Bangalore: For long it’s been held that inherited mental impairment cannot be treated, and pervasive developmental disorders such as autism, which affects one in 200 to one in 500 children, have remained a mystery. In new research, scientists have shown a reversal in brain defects that are involved in Fragile X Syndrome (FXS), the leading genetic cause of autism and mental retardation, offering hope that an effective cure may not be too distant.
Sumantra Chattarji of the National Centre for Biological sciences in Bangalore talks about fragile X syndrome and the difficulties in diagnosing and treating it.Download link here
A team led by Sumantra Chattarji at the National Centre for Biological Sciences (NCBS) in Bangalore, with collaborators at New York University, reports in Monday’s issue of the journal Proceedings of the National Academy of Sciences that just an hour of treatment with an experimental compound could reverse the defects in transgenic mice. These mice have been genetically modified to model the condition FXS.
Around 15% of autism cases arise out of FXS or some known genetic defect. Individuals with the condition, which results from a mutation in a gene on the X chromosome, suffer from a range of problems such as learning disabilities, attention problems and hyperactivity, seizures and social withdrawal.
The findings come at a time when Swiss drug maker Novartis AG made it public in April that one of its experimental drugs has shown “substantial improvement” in behaviour associated with FXS. It is now undertaking a large human trial. Incidentally, both Chattarji’s work and that of pharmaceutical firms such as Novartis and Roche zero in on the same class of drugs that block the activity of a molecule called mGluR (group 1 metabotropic glutamate receptor).
However, there’s a difference in their approach: while most studies focus on areas of the brain such as the hippocampus and the cortex that deal with cognition and learning, Chattarji’s is the only group that focuses on the amygdala, a part of the brain responsible for emotional behaviour, something critical in such disorders.
“The results of this study complement nicely the current understanding of the role of mGluR5 in the pathology of FXS and support the current global efforts to develop therapeutics which interact with mGluR5,” said Fabrizio Gasparini, director at Novartis Institutes for BioMedical Research in Basel, Switzerland.
Chatterji is bolstered by the reversal of defects at the synapses—the contact points between neurons—as they occur in mature brains, the kind of patients that doctors mostly see in the real world.

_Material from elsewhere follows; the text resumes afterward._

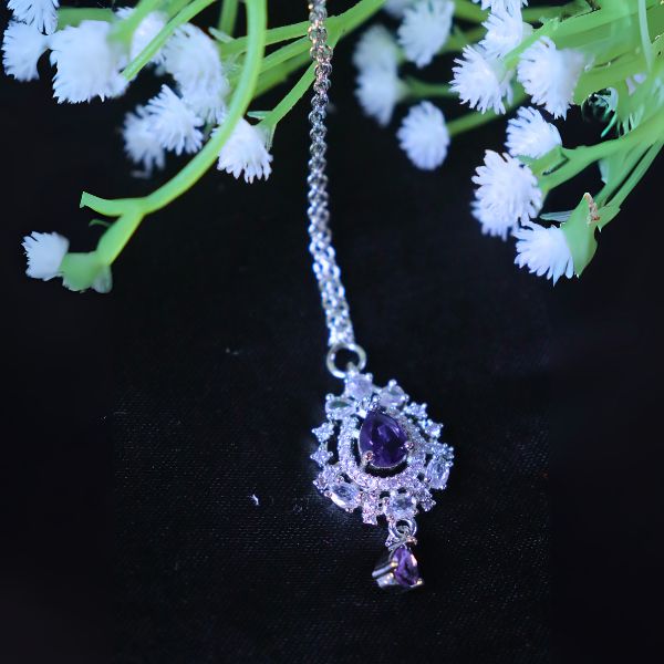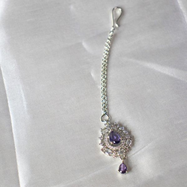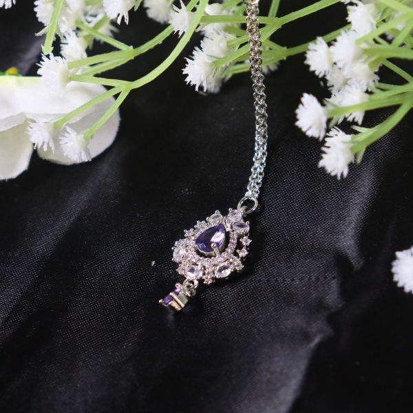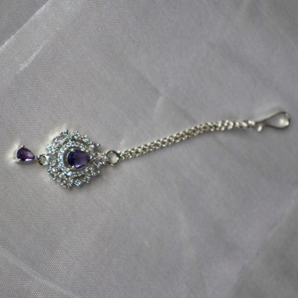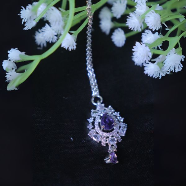 An AD Maang Tikka is a traditional Indian forehead ornament designed with American Diamonds (AD stones)—sparkling, diamond-like crystals that mimic the brilliance of real diamonds. These stones are set on a durable base of brass or copper and finished with high-quality plating for a glamorous look.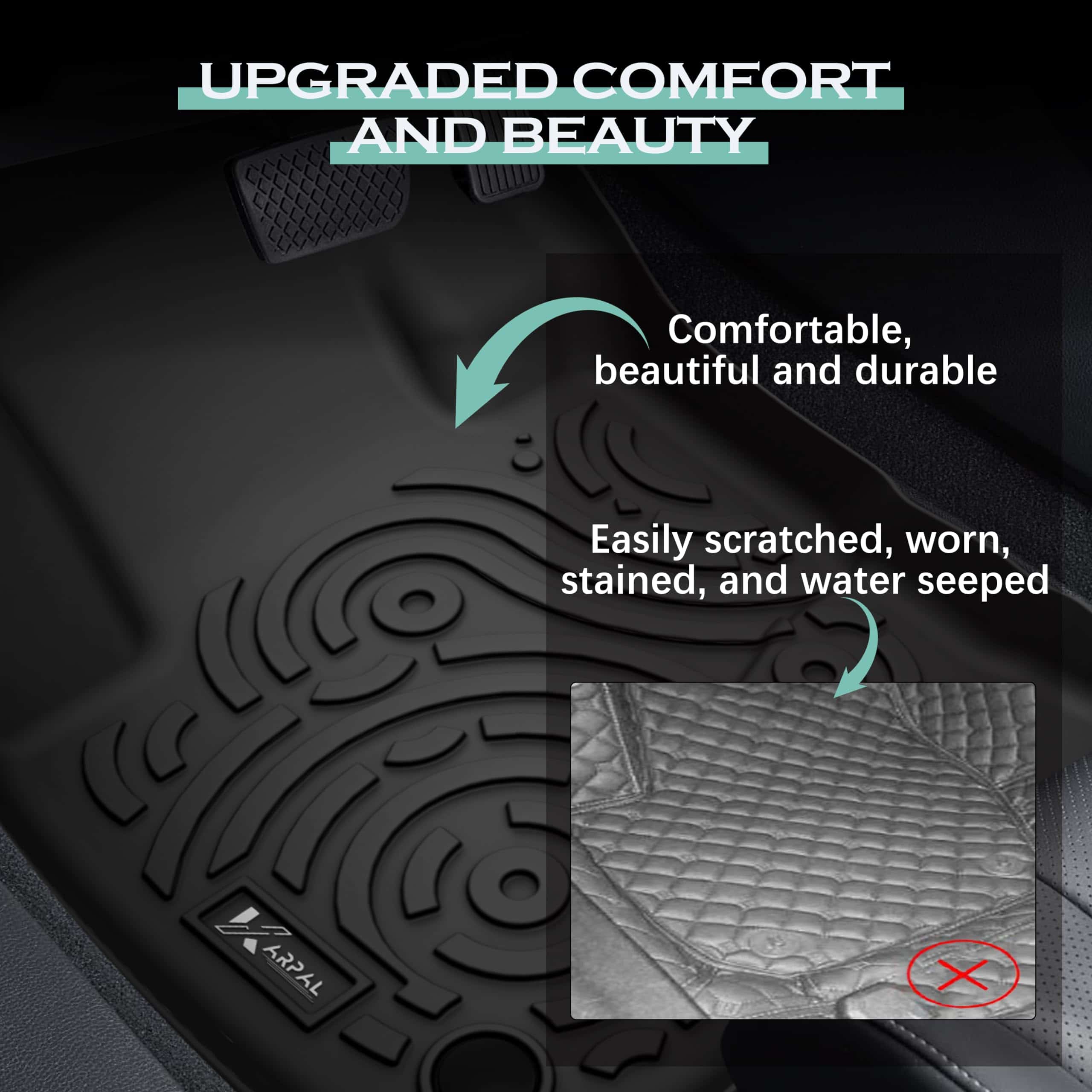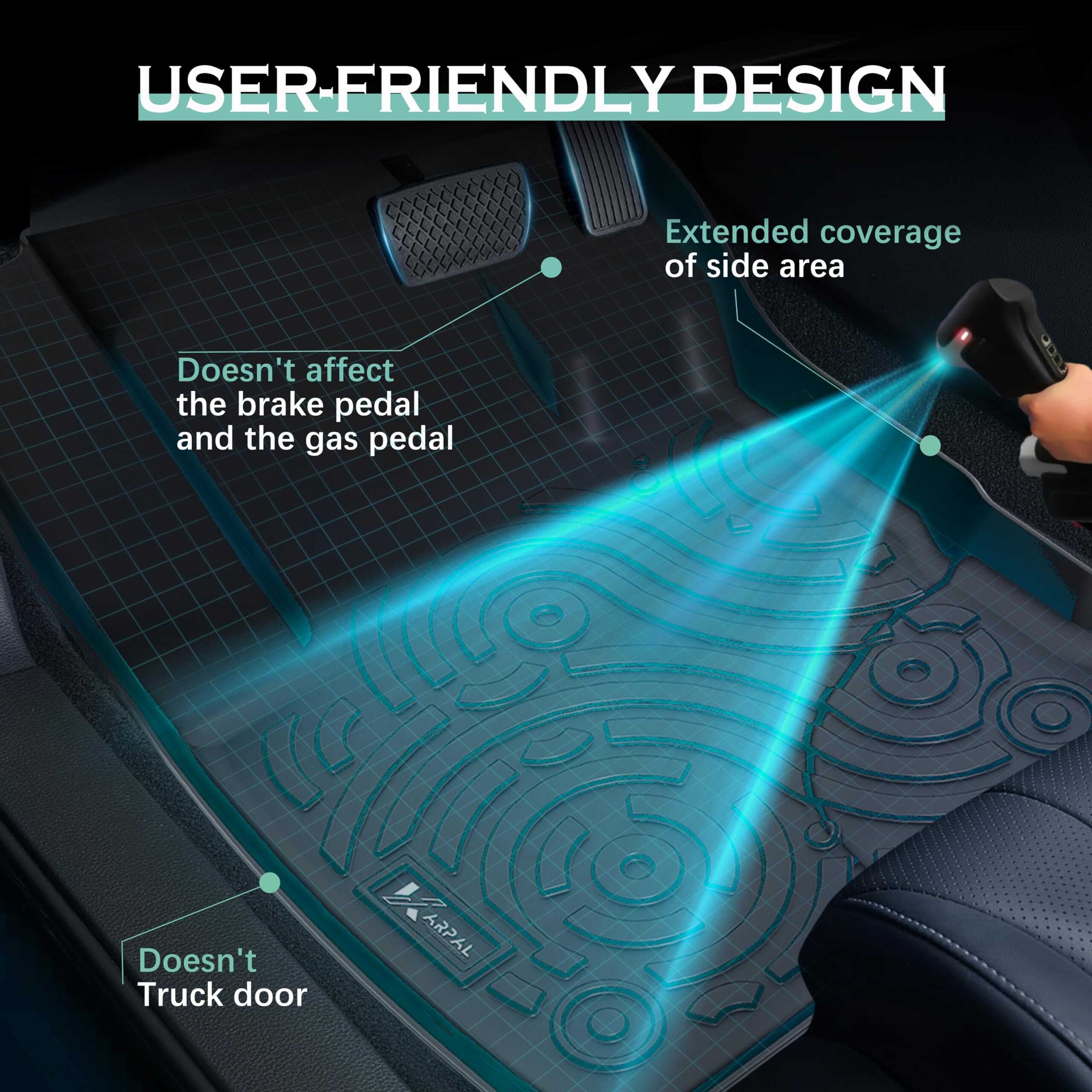 5. FÁCIL DE LIMPIAR: El diseño de instalación y desmontaje sencillo hace que sea fácil para los usuarios reemplazar los tapetes de piso negros en cualquier momento. Independientemente de la suciedad, derrames o desechos, simplemente límpielos o retírelos para enjuagarlos y mantener fácilmente un espacio limpio de dos filas y maletero.

“We showed our results in three-months or older mice. This raises the exciting possibility that the defects can be corrected even after it has left its mark on the adult brain; even young adults in age groups 30-40 could be treated,” noted Chattarji.
The NCBS team’s work is also significant because it throws new light on the genetic defect at the origin of the disease. “There were previous studies in the amygdala, but none of those studies could identify a dysfunction, thus these (Chattarji’s) findings can be considered as a significant breakthrough,” said Gasparini.
Although some of the most debilitating symptoms of FXS include severe emotional problems related to anxiety and mood instability, little was known till date about the exact nature of the synaptic and cellular abnormalities underlying these emotional symptoms.
Clearly, patients and advocacy groups are delighted. Chattarji’s work helps in understanding the broader effects of the drugs currently in development, said Katie Clapp, president and co-founder of the Fraxa Research Foundation, a non-profit organization in Massachusetts, the US, that’s focused on financing FXS research. If all goes very well, the first effective treatment for FXS could be on the market in two-three years. “But we can’t foresee how each step along the way will turn out, so we will have to keep working to advance these studies,” Clapp said.
Fraxa has been working closely with Chattarji to establish trials of investigational new drugs or existing drugs in India, but has had limited success on that front, so far, said Clapp. As the parent of a young man with FXS, Clapp is “extremely excited by the present finding and the prospects” that a treatment will emerge for both children and adults with FXS.
Chattarji, who is also collaborating with Pfizer Inc. in this area, hopes to better the drugs as he takes up more in-vivo, or animal-model, studies that may even unlock causes of autism and similar disorders. “I am glad this (FXS research) is moving fast on the global drug discovery path,” he said.